Male Interaction
There are almost no women in Henry
V. Catherine is the only female character to be given many lines or
presented in the domestic sphere, and most of her lines are in French. With
this absence of women and the play’s focus on the all-male activity of medieval
warfare, the play presents many types of male relationships. The relationships
between various groups of men—Fluellen and Gower; Bardolph, Pistol, and Nim;
and the French lords—mirror and echo one another in various ways. The cowardice
of the Eastcheap group is echoed in the cowardice of the French lords, for
instance.

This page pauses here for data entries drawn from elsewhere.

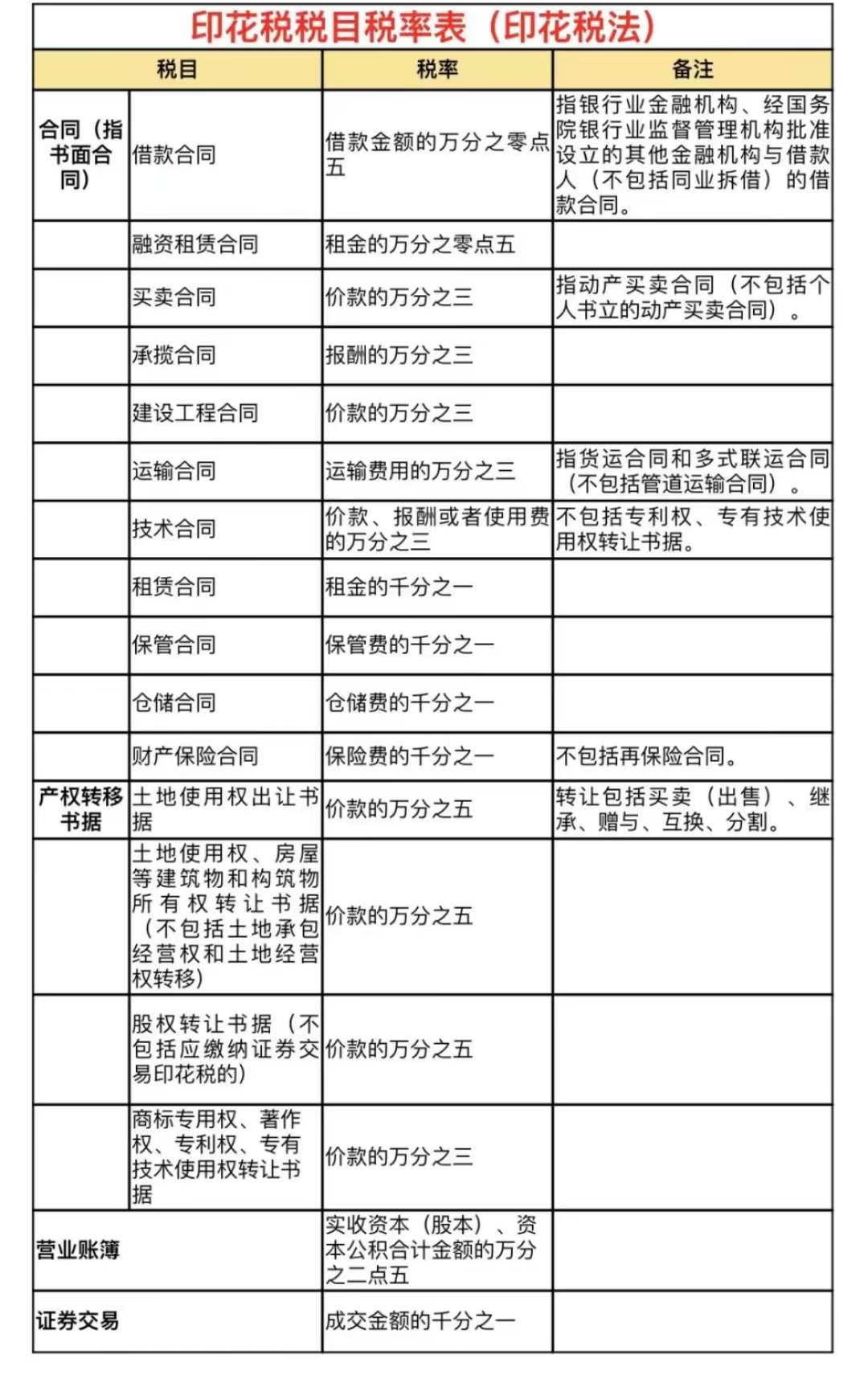 03其他印花税税率变化比较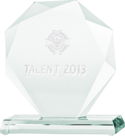 Trofeum szklane z nadrukiem kolorowym LuxorJet, grawerowaniem oraz wypełnieniem farbą i etui
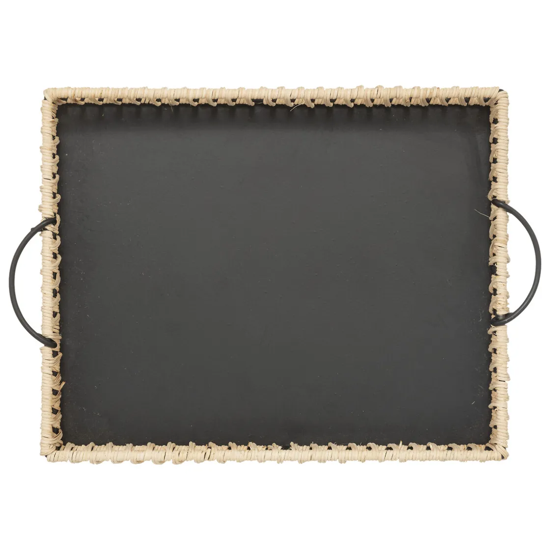 Le set de plateaux « Cosy » est composé de 2 plateaux rectangulaires de tailles complémentaires. Réalisés en métal et dotés de poignées, leurs montants sont tressés de rotin. Sur une table basse comme sur une table à manger, ils seront aussi pratiques que décoratifs.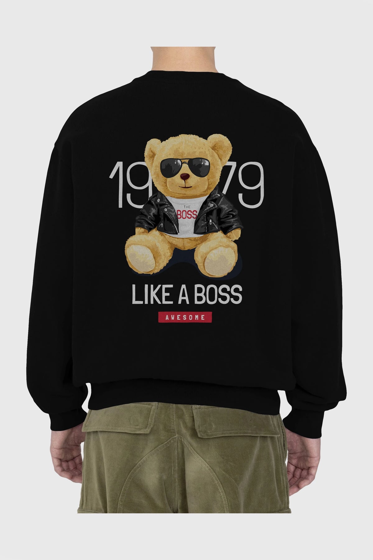 Teddy Bear Like A Boss Arka Baskılı Oversize Sweatshirt Erkek Kadın Unisex

Perhaps more important, these male friendships all draw attention to
another aspect of Henry’s character: his isolation from other people. Unlike
most of the play’s other male characters, Henry seems to have no close friends,
another characteristic that makes the life of a king fundamentally different
from the life of a common citizen.
Parallels Between Rulers and Commoners
Henry V presents a wide range of common citizens. Some scenes
portray the king’s interactions with his subjects—Act IV, scene i, when Henry
moves among his soldiers in disguise, is the most notable of these. The play
also presents a number of mirror scenes, in which the actions of commoners
either parallel or parody the actions of Henry and the nobles. Examples of
mirror scenes include the commoners’ participation at Harfleur in Act III,
scene ii, which echoes Henry’s battle speech in Act III, scene i, as well as
Act II, scene i, where the commoners plan their futures, mirroring the graver
councils of the French and English nobles.
War Imagery
The play uses a number of recurring
metaphors for the violence of war, including images of eating and devouring,
images of fire and combustion, and, oddly, the image of a tennis match. All of
this imagery is rooted in aggression: in his rousing speech before the Battle
of Harfleur, for example, Henry urges his men to become savage and predatory
like tigers. Even the tennis balls, the silly gift from the Dauphin to Henry,
play into Henry’s aggressive war rhetoric. He states that the Dauphin’s mocking
renders the tennis balls “gunstones,” or cannonballs, thus transforming them
from frivolous objects of play into deadly weapons of war (I.ii.282).